Following the election, 14 of the people's representatives, who composed a majority of all MPs, met on 3 December and reached an agreement, determining that the next prime minister should be a people's member. Two candidates contested the parliamentary vote for prime minister. The independent people's representatives nominated Deputy Prime Minister Samiu Vaipulu, while the nobles' representatives initially nominated ʻAlipate Tuʻivanuavou Vaea. After negotiating with the independent people's MPs, however, on 15 December the nobles withdrew Vaea's nomination and backed Vaipulu. Pōhiva also ran in the prime ministerial election, supported by his PTOA party. Vaipulu emerged as the apparent favourite to win, reportedly having the support of a majority of MPs at one point; however, shortly before the 29 December vote, Pōhiva managed to win support from a bloc of independents led by Siaosi Sovaleni. Pōhiva went on to defeat Vaipulu, becoming the first commoner to be elected prime minister. He received 15 votes, while Vaipulu garnered the support of 11 MPs. Pōhiva subsequently called on the nobles to work with his government and assist in passing further government reforms. Pōhiva was sworn in on 30 December, and the monarch approved his cabinet selection the following day. Sovaleni became deputy prime minister, while Pōhiva retained two cabinet ministers from the previous government, including the lands and natural resources minister, Maʻafu Tukuiʻaulahi, who was also the only noble MP selected. Outgoing Prime Minister Tuʻivakanō was elected as the speaker of parliament. The monarch opened the Legislative Assembly on 15 January 2015.

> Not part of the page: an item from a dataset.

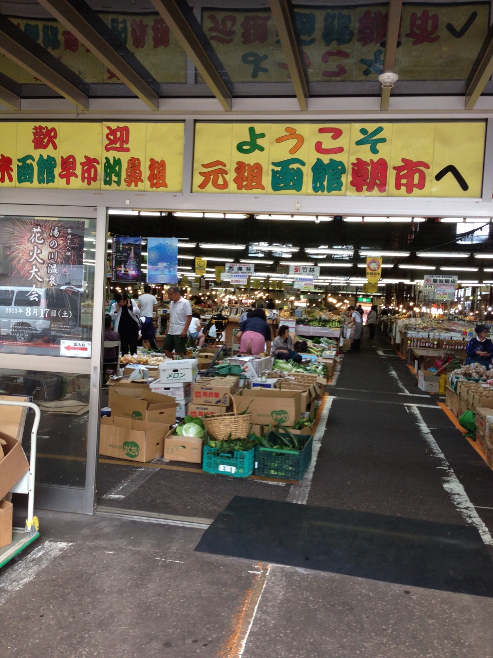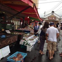 函館朝市は、ふらっと、歩きながら、店の前の屋台で、ホタテの貝焼き、うにの殻を取ったもの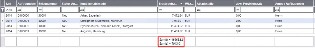 Mit dieser Einstellung werden am Ende jeder Spalte mit numerischen Feldern Summen gebildet. Diese Einstellung umfasst im Standard die Gesamtsumme der Spalte, sowie die Summe der markierten Datensätze.

Some unsuccessful candidates filed electoral petitions against their successful opponents after the election, alleging bribery and other electoral corruption on the part of their opponents. Two of the defendants were former Deputy Prime Minister Vaipulu and Education Minister ʻEtuate Lavulavu. The petition against Vaipulu, which alleged that he induced voters by offering them cigarettes and other goods, was withdrawn by the complainant in March 2015. The Supreme Court, on the other hand, convicted Lavulavu for bribery in January 2016, finding that he had financed the construction of roads during the campaign and offered money to voters on election day to win votes. The court also found he had spent beyond the legal limit and voided his election to the Vava‘u 16 seat. Lavulavu's wife, ʻAkosita Lavulavu, won the subsequent by-election in the constituency, which was held in July 2016. As a result, she became the first woman to be elected to the Legislative Assembly since democratisation.